À época, muitos defendiam fazer exatamente o oposto. O ajuste fiscal seria danoso para o crescimento, e a taxa de juros deveria ser reduzida para estimular a atividade. Vários, inclusive, utilizavam os exemplos da Argentina e da Venezuela para exemplificar a possibilidade de uma via alternativa, que evitasse os ajustes e retomasse o crescimento.
Ao contrário do previsto pelos críticos, em poucos meses, a economia se recuperou e voltou a crescer. A política econômica foi essencialmente preservada até a crise de 2008, e o País, beneficiado pelo cenário externo, experimentou anos de elevado crescimento e queda da desigualdade de renda. 

 

Argentina e Venezuela, por outro lado, ainda mais beneficiadas pelo cenário externo do que o Brasil, assistiram a lenta degradação da estrutura econômica, resultando em graves retrocessos sociais e o comprometimento da capacidade de crescimento e geração de renda para os próximos anos. O experimentalismo da via alternativa condenou-os a terminarem mais pobres do que começaram.
 
A partir da crise de 2008, o Brasil alterou a política econômica, fragilizando a política fiscal e o compromisso com o centro da meta de inflação, cujo resultado tem sido desapontador.

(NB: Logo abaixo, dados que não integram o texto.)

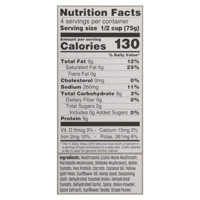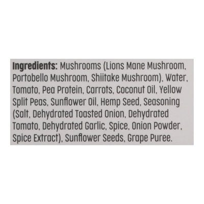 INGREDIENTS: Mushrooms (Lions Mane Mushroom, Portobello Mushroom, Shiitake Mushroom), Water, Tomato, Pea Protein, Carrots, Coconut Oil, Yellow Split Peas, Sunflower Oil, Hemp Seed, Seasoning (Salt, Dehydrated Toasted Onion, Dehydrated Tomato, Dehydrated Garlic, Spice, Onion Powder, Spice Extract), Sunflower Seeds, Grape Puree.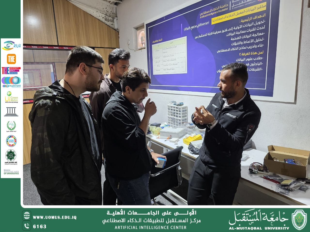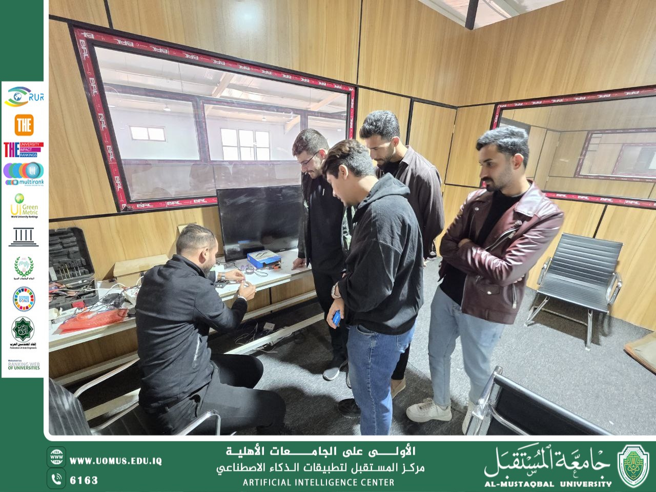 استكمالاً للجلسة التوجيهية التي قدّمها الأستاذ الدكتور نضال خضير العبادي لطلبة مشروع تخرجهم الخاص بتطوير ماسك أوكسجين ذكي، باشر المهندس محمد سعد عبيس بتدريب الطلبة على الجانب العملي للمشروع ضمن مختبرات القسم.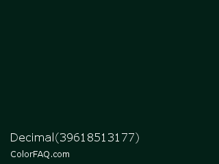Decimal 39618513177 Color is a almost black green color and the nearest color is Holly #011d13. Hex code #032017 and RGB value is rgb(3,32,23). In RGB color space, this color is composed of 1% red, 13% green, 9% blue, In CMYK color space, this color is composed of 91% cyan, 0% magenta, 28% yellow , 87% black , In HSL color space, this color has a hue angle of 161° , 83% saturation and 7% lightness.

O Brasil tem crescido menos do que o resto do mundo, menos do que a média dos países emergentes e da América Latina, e, no último ano, menos do que os Estados Unidos, onde a crise começou. A atual política econômica prejudicou o crescimento, a redução da desigualdade de renda, estagnada desde 2011, e coloca em risco os ganhos sociais das últimas duas décadas.
 
Entre os principais países emergentes, crescemos apenas mais do que a Rússia, que enfrenta um grave conflito militar, estagnação da economia e, nesta semana, uma grave crise, com forte desvalorização do câmbio, e escalada das taxas de juros. 
 
Brasil e Rússia têm em comum o fato de serem duas grandes economias emergentes estagnadas. Existem, no entanto, diferenças importantes entre os dois países. A Rússia tem sido bem mais afetada pela piora dos termos de troca, enquanto a nossa elevada dívida bruta, em parte indexada à Selic, e o desequilíbrio fiscal implicam grandes desafios para a política econômica. A crise desta semana apenas ilustra o risco de uma súbita piora em uma economia fragilizada.
 
Na década passada, o equilíbrio fiscal e a inflação no centro da meta garantiram maior solidez à nossa economia, que se tornou menos vulnerável às oscilações dos mercados externos em comparação com os anos 1990. 
 
A política econômica adotada no atual governo reverteu os ganhos do passado. A opção por negar as dificuldades, evitando o ajuste quando necessário, agravou as dificuldades, a magnitude da correção de rumo e os riscos de fracasso. As taxas de juros, o mercado de ações, e a taxa de câmbio têm se tornado cada vez mais sensíveis ao cenário externo e a possibilidade de uma crise tem sido ampliada pela crescente fragilidade da nossa economia.
 
Um ajuste fiscal crível reduz a chance de que passemos por dificuldades semelhantes às enfrentadas pela Rússia, além de contribuir para o controle da inflação e auxiliar na melhora das contas externas. 
 
O forte ajuste que deve ser realizado, em decorrência da deterioração das contas públicas e dos indicadores econômicos, requer um projeto claro de governo, até porque vai na contramão do que tem sido feito pelo atual governo e do prometido na campanha.
 
A alternativa seria continuar com a esquizofrenia atual e esperar os resultados. Afinal, já estamos a fazer o mesmo com a oferta de água e de energia. O populismo garante ganhos fáceis no curto prazo. As consequências, porém, eventualmente se manifestam, e seus efeitos podem ser graves e duradouros.